Lara tak menanggapi, ia mengangkat kepalanya agar tangis tak semakin pecah. Elusan pelan dipundaknya cukup menenangkan, itu yang membuat ia tegar menceritakan ini semua hingga habis.

"Masalah barcode di paha, itu karna aku gak mau disentuh lagi sama Agas. Aku sengaja rusak biar gak cantik lagi, tapi aku salah," Lara menjeda ucapannya, "Dia bahkan masih ngelakuin hal bejat ke aku."

Tak tahan, Alva segera mendekap tubuh Lara. Runtuh sudah ketangguhannya, akhirnya Lara tetap menangis tersedu-sedu dipelukan Alva.

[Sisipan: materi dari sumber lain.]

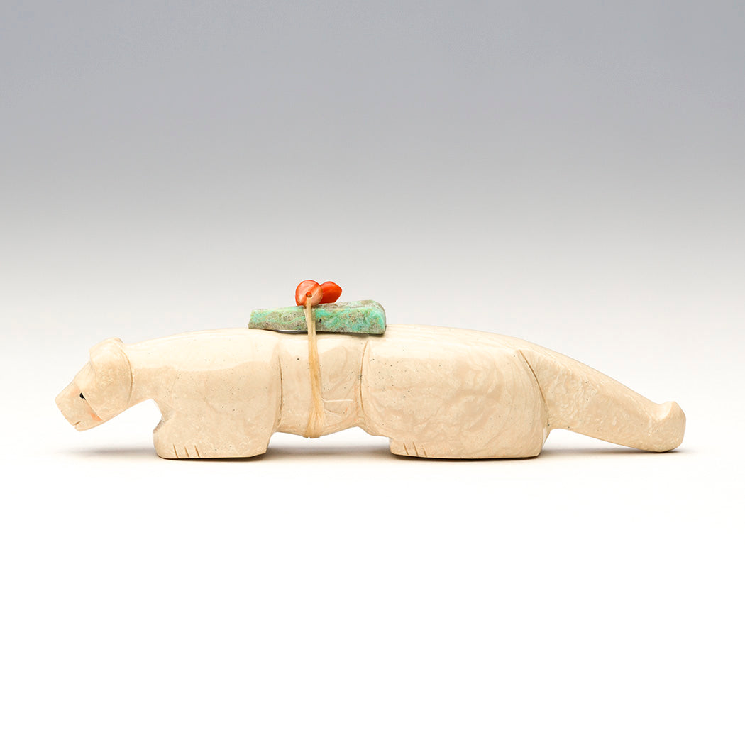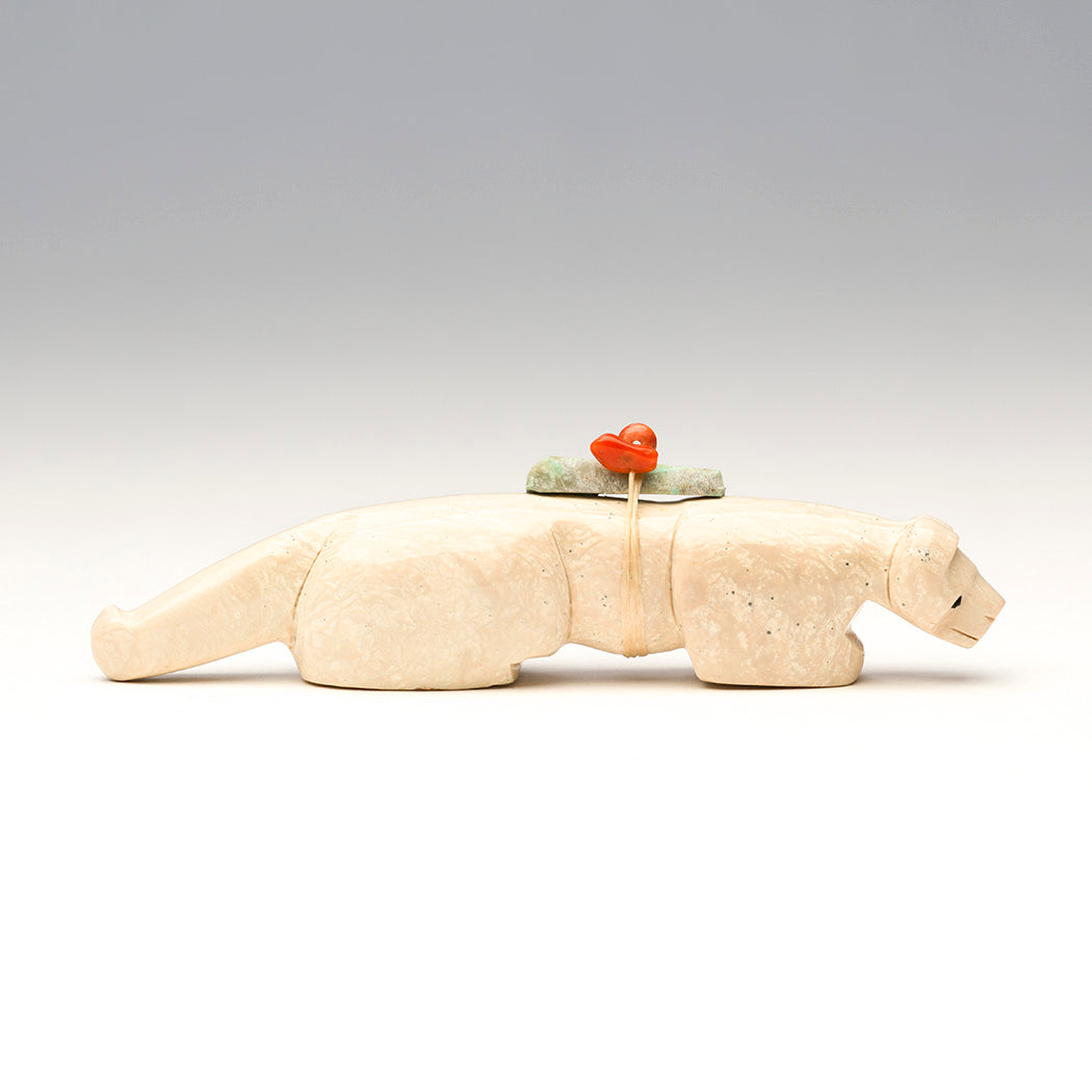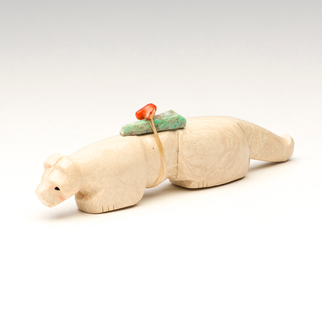 A young Mountain-lion (puma, cougar or panther) learns the lay of the land captivated by the scents and sounds of underground creatures. Curious eyes from jet inlays soak up the activity and a smooth coat is thanks to the skilled carving and polishing work of Fitz and Marlo Kiyite. A fabulous red coral bead and turquoise point offering bundle is secured to this approximately 4 1/8" long, 3/4" wide and 1 1/8" tall fish rock serpentine feline.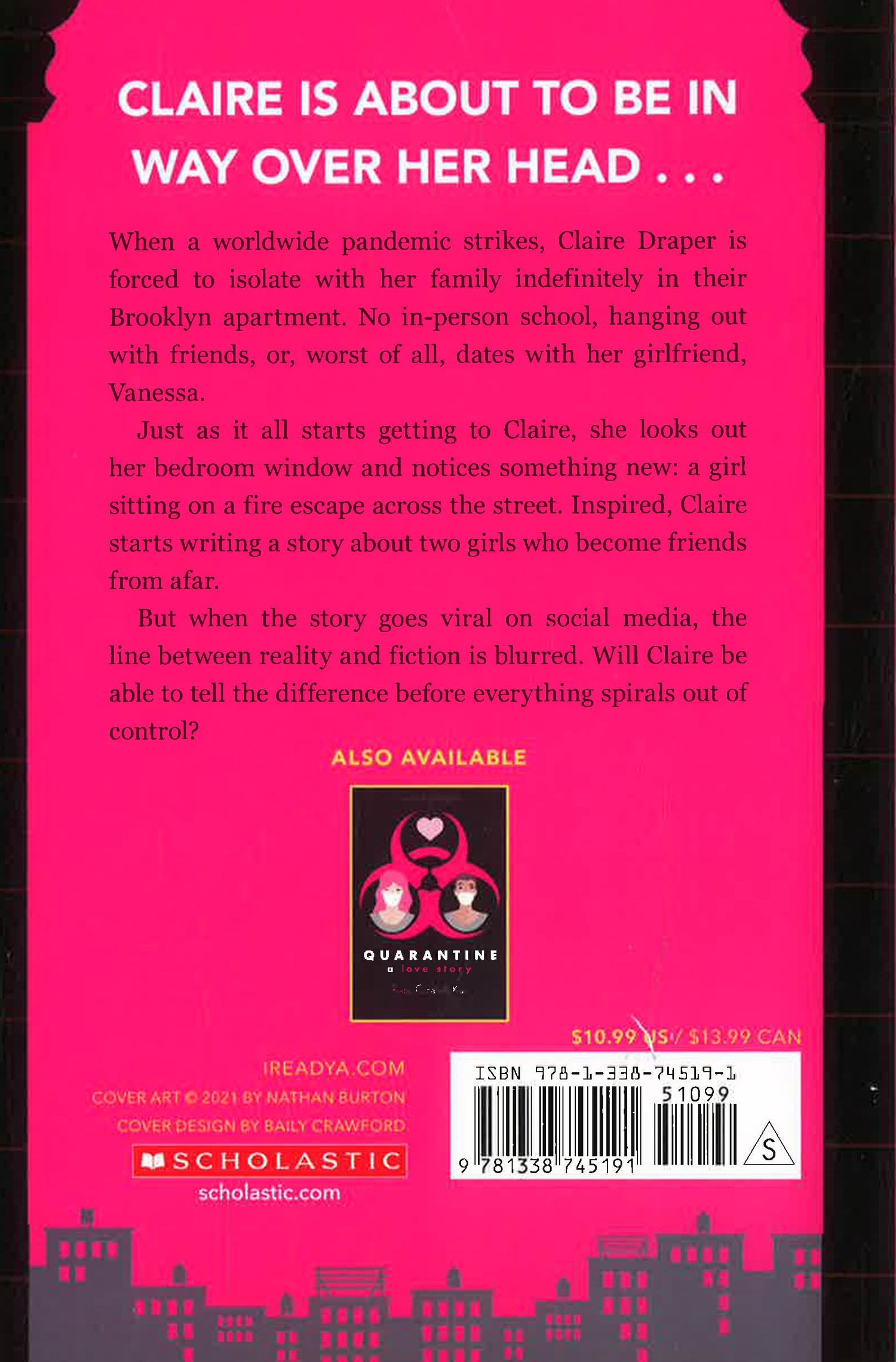 At first it's not so bad, but the longer the pandemic lasts, the more Claire feels her priorities changing. That's when she looks outside her bedroom window and notices something new: A girl who lives in the building across the street sitting on her fire escape.
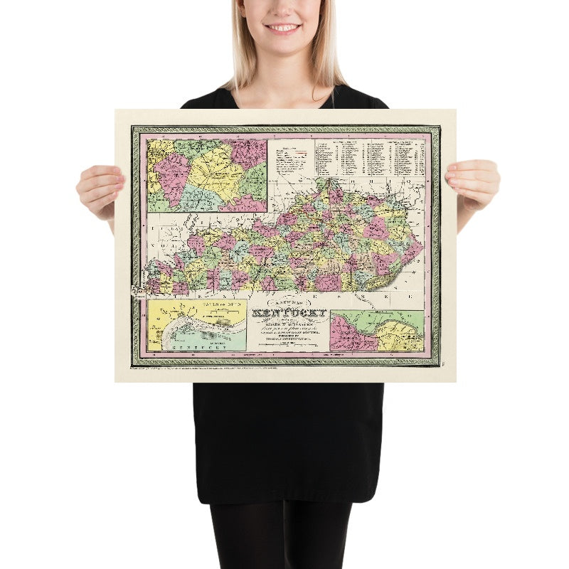 Topography is rendered with hachures that ripple across the sheet, from the rugged eastern highlands to the softly rolling Bluegrass. The Ohio River forms a commanding, serrated boundary to the north, its banks punctuated by Louisville, Covington, Henderson, and other river towns; to the far west, channels lead toward the Mississippi, while southward the line with Tennessee grounds the Commonwealth. Major waterways—the Kentucky, Licking, Green, and Cumberland rivers—meander through counties and across road grids, their valleys clearly modeled by slope and shadow. This union of relief and hydrography makes farming districts, mineral uplands, and travel corridors instantly legible. Even the iconic impediment at the Falls of the Ohio appears with contextual detail, fusing landscape and livelihood into a single cartographic narrative.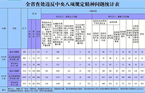 黑龙江经济网讯(记者姜国)记者从黑龙江省纪委监委获悉,2021年10月,全省各级纪检监察机关共查处违反中央八项规定精神问题494起,批评教育帮助和处理603人,其中党纪政务处分510人。
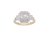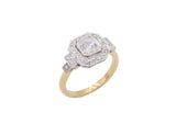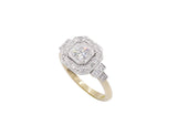 Bague Création Benoît Joaillier en or jaune 750/1000e surmonté d'or blanc 750/1000e dont le centre est serti d'un diamant taille brillant 0,42 carat G-Si serti double grains dans un carré pans coupés. Entourage diamants d'inspiration Art Déco. Corps de bague simple en demi rond.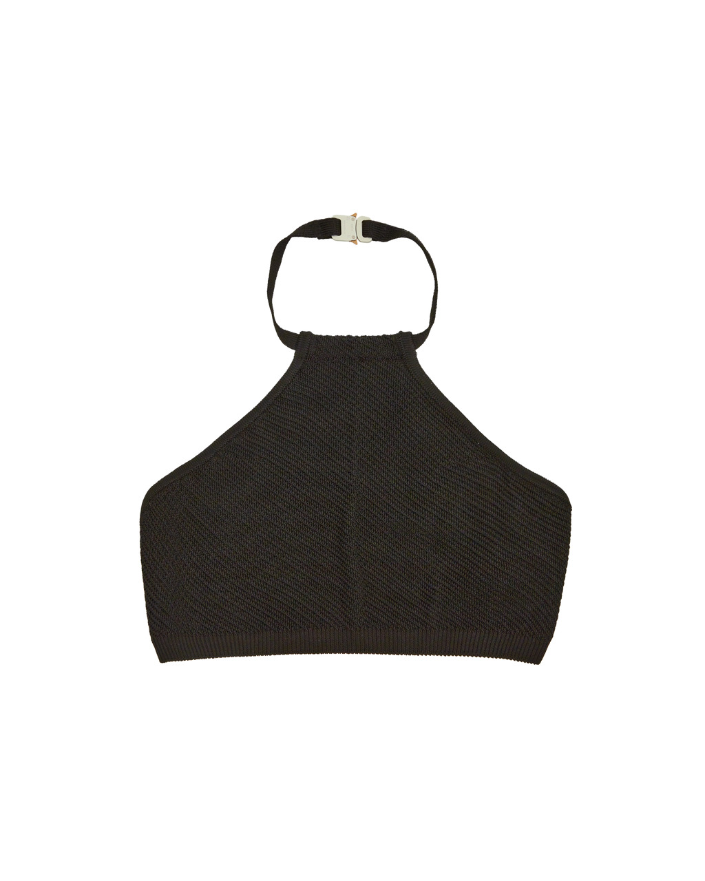 Knitted top with micro buckle closure. Color: Black - Self: 100% Viscose - Made in Italy

"Gua bangga sama lo," ujar Alva disela-sela kecupan singkat yang ia layangkan di pipi Lara.

"Aku rusak, Al."

"Gua gak suka lo ngomong gitu, menurut gua lo tetap berharga." ucap Alva, "Mulai sekarang kalo lo tetap berhubungan sama Agas, gua yang bakal jadi orang paling depan buat ngejauhin kalian. Gua tau gua gak ada hak, tapi gua gak mau lo makin sakit."

"Terimakasih, Alva. Aku berhutang budi sama kamu."

Alva memejamkan matanya menikmati pelukan keduanya yang semakin erat, dada nya semakin sesak. Kenapa cinta sangat menyakitkan? Tapi ia berharap kisah mereka berjalan manis. Ia merapalkan doa didalam hati, berharap semoga Lara memang sudah melupakan mantan kekasihnya.

Sudah cukup penderitaan yang Lara terima. Izinkan Alva membahagiakan wanita tangguh itu. Tak bisa dipungkiri bahwa Alva mencintai Lara.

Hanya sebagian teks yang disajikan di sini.